Since our LLM is a chat model, we can make use of all 'Chat' related functionality.

In [15]:
from langchain.callbacks.manager import CallbackManager
from langchain.callbacks.streaming_stdout import StreamingStdOutCallbackHandler
from langchain.chains import LLMChain
from langchain.memory import ConversationSummaryMemory
from langchain.prompts import PromptTemplate

In [16]:
from langchain.chains.question_answering import load_qa_chain

# Create your Prompt Template by using `PromptTemplate`
template = """Use the following pieces of context to answer the question at the end. 
If you don't know the answer, just say that you don't know, don't try to make up an answer. 
Use three sentences maximum and keep the answer as concise as possible. 
{context}
Question: {question}
Helpful Answer:"""
QA_CHAIN_PROMPT = PromptTemplate(
    input_variables=["context", "question"],
    template=template,
)


# Use the LangChain Hub to load a premade prompt
# Uncomment the following, comment out the above, \
    # to use the Hub

#from langchain import hub

#QA_CHAIN_PROMPT = hub.pull("rlm/rag-prompt-default")

In [17]:
# Docs
question = "How can I initialize a ReAct agent?"
docs = retriever.get_relevant_documents(question)

# Chain
chain = load_qa_chain(llm, chain_type="stuff", prompt=QA_CHAIN_PROMPT)

# Run
chain({"input_documents": docs, "question": question}, return_only_outputs=True)

{'output_text': 'You can initialize a ReAct agent using the `create_react_agent` method, which takes a language model (LLM) and a sequence of tools as input and returns an agent executor.

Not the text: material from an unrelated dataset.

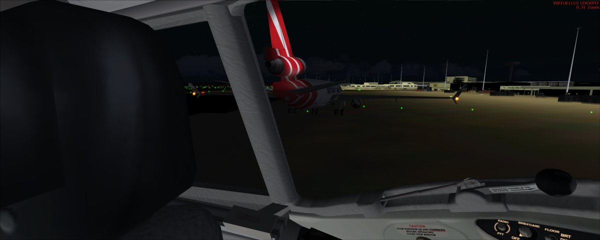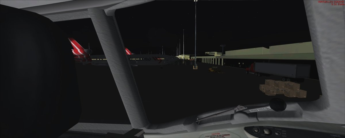 Wir überqueren den australischen Kontinent von der Ost- zur Westküste. Der Start mit der fast leeren MD-11 ist ein Fest, schon bei der Hälfte der Landebahn schiesst der Flieger wie eine Rakete nach oben. Doch kaum das ich in der Luft bin, schmiert mein Flusi wieder einmal ab, das scheint zur Gewohnheit zu werden. Seit ich 2 Bildschrime verwende ist immer irgendwo der Wurm drinnen. Aber dank Zeitbeschleunigung habe ich bald wieder aufgeholt und wir setzen knapp hintereinander in Perth auf.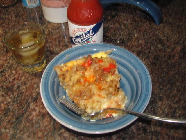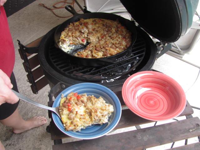 This hash brown and sausage cook was great. I cooked the sausage, onions, peppers, and hash browns the night before and added the cheese.  The eggs were mixed with milk and set in the refrigerator. This morning I got up and fired up the large. I cooked it at 350 for 50 minutes.

The agent executor is used to load an agent executor given tools and LLM.'}

# Wrapping Up
In this notebook, you've learned how to use the `Langchain` library to create a question-answering system. 

You've seen how to load a question-answering chain and how to create a prompt template for the system. You've also learned about the importance of keeping answers concise and not making up answers when the system doesn't know the answer. Furthermore, you've explored an alternative way of pulling a default prompt from the `Langchain` hub. 

While we didn't apply an output parser in this notebook, you've gained a solid foundation in setting up a question-answering system with `Langchain`.